Magistrado ponente: Ariel Salazar Ramírez

República de Colombia Corte Suprema de Justicia Sala de Casación Civil CORTE SUPREMA DE JUSTICIA SALA DE CASACIÓN CIVIL Magistrado Ponente ARIEL SALAZAR RAMÍREZ Bogotá D.C., dieciséis de septiembre de dos mil trece Discutido y aprobado en sesión de once de septiembre de dos mil trece Ref. Exp. 11001-02-03-000-2013-02071-00 Se decide la acción de tutela formulada por Miguel Ángel de la Cruz Quijano contra el Juzgado Segundo Civil del Circuito de Barranquilla y la Sala Civil – Familia del Tribunal Superior de ese distrito judicial, trámite al que se vinculó a Hernando José Herrera.

I.

ANTECEDENTES A. La pretensión El ciudadano actuando por intermedio de apoderado judicial, solicitó el amparo de sus derechos al debido proceso y defensa que considera vulnerados porque en el proceso ejecutivo singular seguido en su contra, no se practicaron las pruebas que oportunamente solicitó, omisión que condujo a que en la sentencia se declararan infundadas las excepciones que formuló, a pesar de que el título valor que se recauda, se otorgó en blanco y que “ fue llenado en ausencia del girador”.

Pretende, en consecuencia, se revoquen las sentencias de primera y de segunda instancia dictadas en el juicio ejecutivo, para en su lugar, practicar las pruebas decretadas, se ordene realizar una experticia por parte del Instituto de Medicina Legal y Ciencias Forenses, a fin de establecer “ si el tiempo de firmado por parte del girador y el girado es el mismo”, y se oficiara a la oficina de sistemas del centro cívico de Barranquilla, para que remitiera la relación de todos los procesos en los que el señor José Herrera Herrera es demandante, y “ la explicación correspondiente del por que (sic) estos procesos habían sido borrados del sistema”. [Folio 181] B. Los hechos 1.

Hernando José Herrera Herrera entabló una acción ejecutiva contra el accionante, para obtener el pago de la obligación incorporada en una letra de cambio, por valor de $31.200.000. [Folio 4] 2. El conocimiento de dicho litigio correspondió al Juzgado Segundo Civil del Circuito de Barranquilla, que mediante proveído de 12 de febrero de 2008, libró mandamiento de pago en la forma solicitada en la demanda. [Folio 10] 3.

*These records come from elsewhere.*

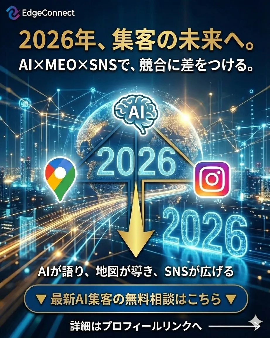 さあ皆様2026年も始まりました!! さあ皆様2026年も始まりました!!今年は集客や売上UPに向けて早い段階から今のトレンドにあった対策を始めませんか?現状の集客、「なんとなく」で止まっていませんか?今、選ばれる店舗は✔AIにおすすめさ…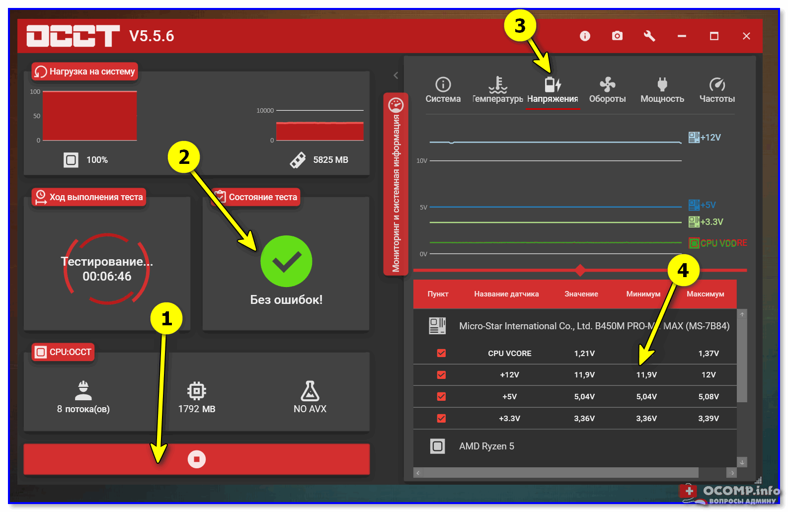 OCCT (программа для тестирования ПК) — вкладка с напряжениями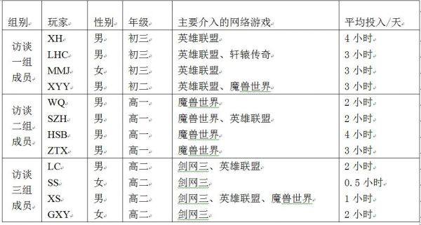 本研究讨论的角色扮演类网络游戏均为以个人计算器为终端的网络游戏,并主要以魔兽世界、剑侠情缘网络版三(剑网三)、英雄联盟这三个网络游戏的青少年玩家为研究的对象。本研究选取的研究对象是主要参与以上三个网络游戏的初、高中青少年(13—19周岁)玩家。不同访谈组的研究对象参与的网络游戏存在重叠,且部分研究对象是参与过以上三个游戏中的两个或两个以上的玩家。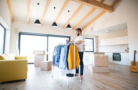 Mature man with boxes and clothes rack moving in new unfurnished house.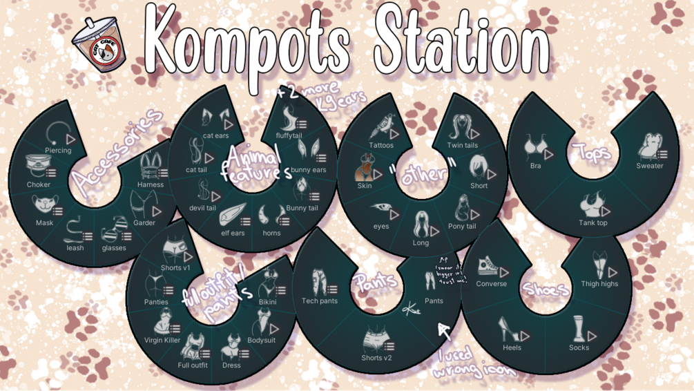 Animal features: Kitty set (ears and tail), Puppy set (ears and tail),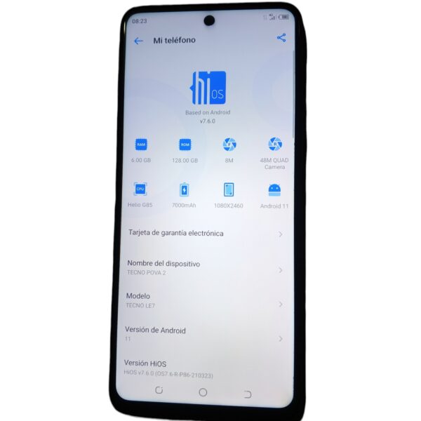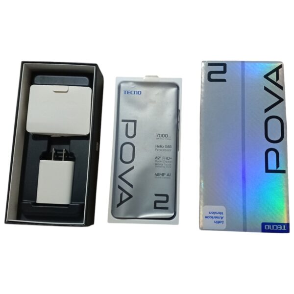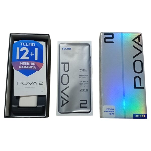 CONTENIDO: Celular Tecno Pova 2 128GB ROM, 6 GB RAM Color Polar Silver, Cargador 18W Original, Cable USB Tipo C Original, Audífonos de fabrica original y nuevo.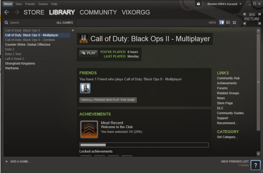 Steam acc sadrži Call of Duty Black Ops II, CS:GO, lfd2 i ovo ostale na slici su free igre kao što možete vidjeti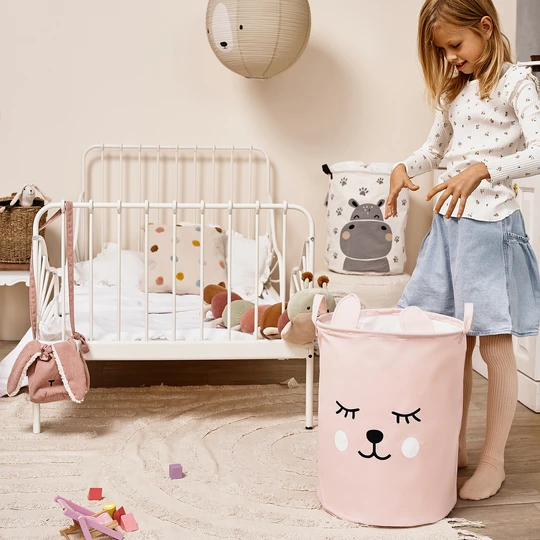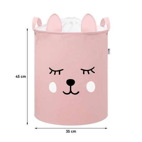 Wybierz kosz na zabawki bawełniany RÓŻOWY MIŚ XL i połącz funkcjonalność z ciepłym, dziecięcym designem.

Notificado el ejecutado, formuló las excepciones de mérito de “ inconsistencia en el valor de la obligación”, “no ser una obligación expresa por falta del lleno de los requisitos legales”, “caducidad y prescripción de la acción cambiaria”, y “ mala fe”, a la par que solicitó que se decretara inspección judicial a los libros de contabilidad del actor, interrogatorio de parte, testimonios y que se libraran oficios a algunas entidades, medios probatorios con los que pretendió acreditar que no recibió en préstamo la suma que se recauda, y que los espacios en blanco del título valor, no se diligenciaron conforme a su carta de instrucciones. [Folio 24] 4.

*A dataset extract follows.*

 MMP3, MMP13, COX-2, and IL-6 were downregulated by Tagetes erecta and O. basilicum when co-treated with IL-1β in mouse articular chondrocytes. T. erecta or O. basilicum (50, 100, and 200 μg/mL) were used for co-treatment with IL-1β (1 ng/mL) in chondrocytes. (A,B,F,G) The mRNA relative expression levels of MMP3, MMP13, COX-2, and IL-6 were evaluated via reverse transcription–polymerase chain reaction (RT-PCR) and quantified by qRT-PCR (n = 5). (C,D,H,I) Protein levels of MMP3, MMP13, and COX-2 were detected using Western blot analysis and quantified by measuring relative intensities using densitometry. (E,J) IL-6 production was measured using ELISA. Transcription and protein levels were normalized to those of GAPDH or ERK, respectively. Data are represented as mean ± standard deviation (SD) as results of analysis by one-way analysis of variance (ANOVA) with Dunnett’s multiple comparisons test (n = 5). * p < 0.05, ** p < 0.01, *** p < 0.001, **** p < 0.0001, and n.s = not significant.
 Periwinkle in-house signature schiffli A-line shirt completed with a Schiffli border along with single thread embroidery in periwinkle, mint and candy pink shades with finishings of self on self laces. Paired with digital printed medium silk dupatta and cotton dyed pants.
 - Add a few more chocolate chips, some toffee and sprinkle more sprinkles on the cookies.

Por auto de 3 de agosto de 2009 se decretaron las probanzas pedidas por el ejecutado. [Folio 31] 5. En desacuerdo, la ejecutante interpuso reposición, y en subsidio apeló, porque estimó que los medios de convicción decretados a petición del ejecutado eran improcedentes e inconducentes. [Folio 34] 6. Mediante providencia de 30 de octubre de 2009, se resolvió no revocar la decisión censurada. [Folio 38] 7.

Según el sistema de consulta de procesos de la Rama Judicial, en proveído de 4 de mayo de 2010, el Tribunal inadmitió el recurso de apelación. [Folio 202] 8. A través del auto de 9 de febrero de 2010, se amplió el término probatorio. [Folio 44] 9. Surtido el trámite de rigor, en sentencia de 9 de agosto de 2010, se declararon infundadas las excepciones, y se ordenó seguir adelante con la ejecución en la forma indicada en el auto de apremio. [Folio 61] 10.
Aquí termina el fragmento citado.